* ASSIGNMENT *
Would you transcribe the entries below, beginning at the line with "Well, I grew" and ending after the line with "Round Pot Planter", exactly, with no picture and nothing more?

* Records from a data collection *
+ + +

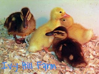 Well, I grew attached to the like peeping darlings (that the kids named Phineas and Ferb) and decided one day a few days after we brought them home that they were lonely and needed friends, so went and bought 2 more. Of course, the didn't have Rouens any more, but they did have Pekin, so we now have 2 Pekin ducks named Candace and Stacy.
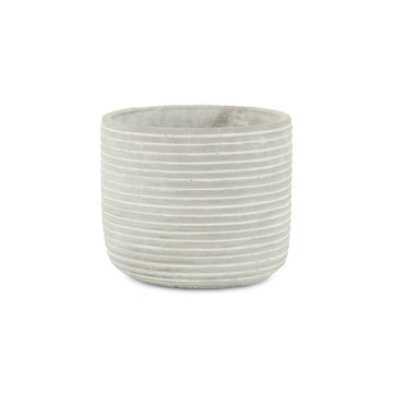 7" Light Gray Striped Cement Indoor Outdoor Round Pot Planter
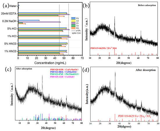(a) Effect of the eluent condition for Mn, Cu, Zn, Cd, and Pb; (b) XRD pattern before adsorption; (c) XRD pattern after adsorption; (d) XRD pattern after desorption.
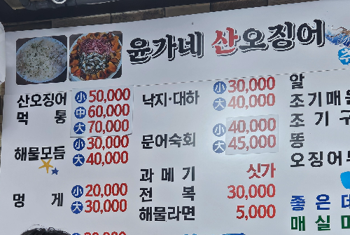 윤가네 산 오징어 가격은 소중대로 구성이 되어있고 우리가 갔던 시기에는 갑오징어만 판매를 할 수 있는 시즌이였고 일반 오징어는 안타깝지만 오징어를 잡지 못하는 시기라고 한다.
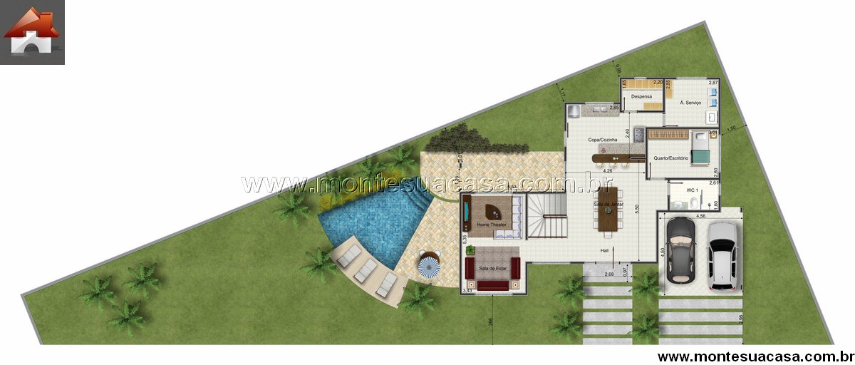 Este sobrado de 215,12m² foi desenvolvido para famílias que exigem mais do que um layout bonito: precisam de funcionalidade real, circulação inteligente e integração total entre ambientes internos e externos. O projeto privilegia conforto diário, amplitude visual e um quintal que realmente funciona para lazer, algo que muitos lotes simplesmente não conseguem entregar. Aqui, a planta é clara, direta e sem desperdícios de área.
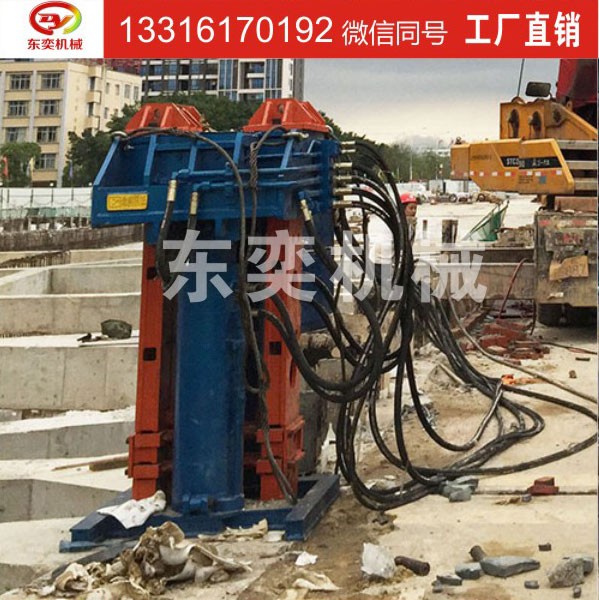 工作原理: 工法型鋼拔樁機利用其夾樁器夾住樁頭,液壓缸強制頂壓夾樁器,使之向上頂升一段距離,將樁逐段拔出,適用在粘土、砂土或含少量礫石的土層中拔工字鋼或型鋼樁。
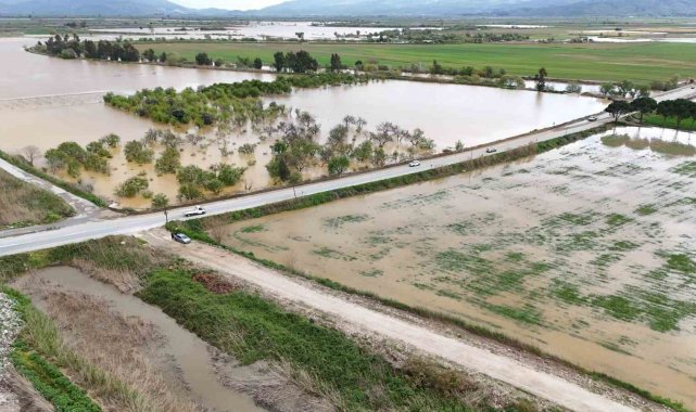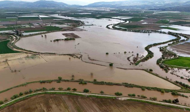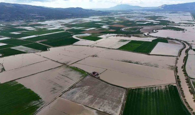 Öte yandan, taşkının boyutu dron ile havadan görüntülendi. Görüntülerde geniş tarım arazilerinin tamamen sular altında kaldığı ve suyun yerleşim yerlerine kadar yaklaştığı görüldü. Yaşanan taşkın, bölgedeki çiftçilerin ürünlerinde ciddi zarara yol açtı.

+ + +

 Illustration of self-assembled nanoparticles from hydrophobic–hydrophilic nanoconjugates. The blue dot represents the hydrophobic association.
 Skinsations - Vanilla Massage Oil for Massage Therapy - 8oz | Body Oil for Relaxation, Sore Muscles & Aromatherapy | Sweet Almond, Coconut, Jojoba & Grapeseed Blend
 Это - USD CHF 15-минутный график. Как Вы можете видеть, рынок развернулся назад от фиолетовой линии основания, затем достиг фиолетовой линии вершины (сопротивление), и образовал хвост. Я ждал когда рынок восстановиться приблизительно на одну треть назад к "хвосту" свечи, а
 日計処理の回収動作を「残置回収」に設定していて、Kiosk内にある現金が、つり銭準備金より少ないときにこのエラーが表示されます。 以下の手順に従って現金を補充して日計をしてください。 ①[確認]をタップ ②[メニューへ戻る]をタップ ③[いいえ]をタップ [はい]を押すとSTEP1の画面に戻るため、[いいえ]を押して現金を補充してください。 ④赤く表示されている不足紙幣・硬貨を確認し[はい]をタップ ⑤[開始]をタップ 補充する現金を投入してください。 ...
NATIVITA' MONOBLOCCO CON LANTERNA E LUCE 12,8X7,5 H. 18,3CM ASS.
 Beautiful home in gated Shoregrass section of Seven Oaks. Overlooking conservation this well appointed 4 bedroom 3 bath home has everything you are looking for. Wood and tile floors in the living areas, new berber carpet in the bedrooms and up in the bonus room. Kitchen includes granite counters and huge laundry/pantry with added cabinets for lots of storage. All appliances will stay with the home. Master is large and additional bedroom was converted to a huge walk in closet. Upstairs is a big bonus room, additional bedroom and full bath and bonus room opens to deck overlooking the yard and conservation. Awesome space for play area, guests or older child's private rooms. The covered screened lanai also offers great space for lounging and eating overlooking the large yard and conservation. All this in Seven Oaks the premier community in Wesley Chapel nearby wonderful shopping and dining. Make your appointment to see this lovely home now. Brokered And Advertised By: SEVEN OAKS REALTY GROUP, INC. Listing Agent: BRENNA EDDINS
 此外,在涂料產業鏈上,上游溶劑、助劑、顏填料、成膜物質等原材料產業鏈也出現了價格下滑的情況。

+ + +

* SOLUTION TO THE PROBLEM *
 Well, I grew attached to the like peeping darlings (that the kids named Phineas and Ferb) and decided one day a few days after we brought them home that they were lonely and needed friends, so went and bought 2 more. Of course, the didn't have Rouens any more, but they did have Pekin, so we now have 2 Pekin ducks named Candace and Stacy.
 7" Light Gray Striped Cement Indoor Outdoor Round Pot Planter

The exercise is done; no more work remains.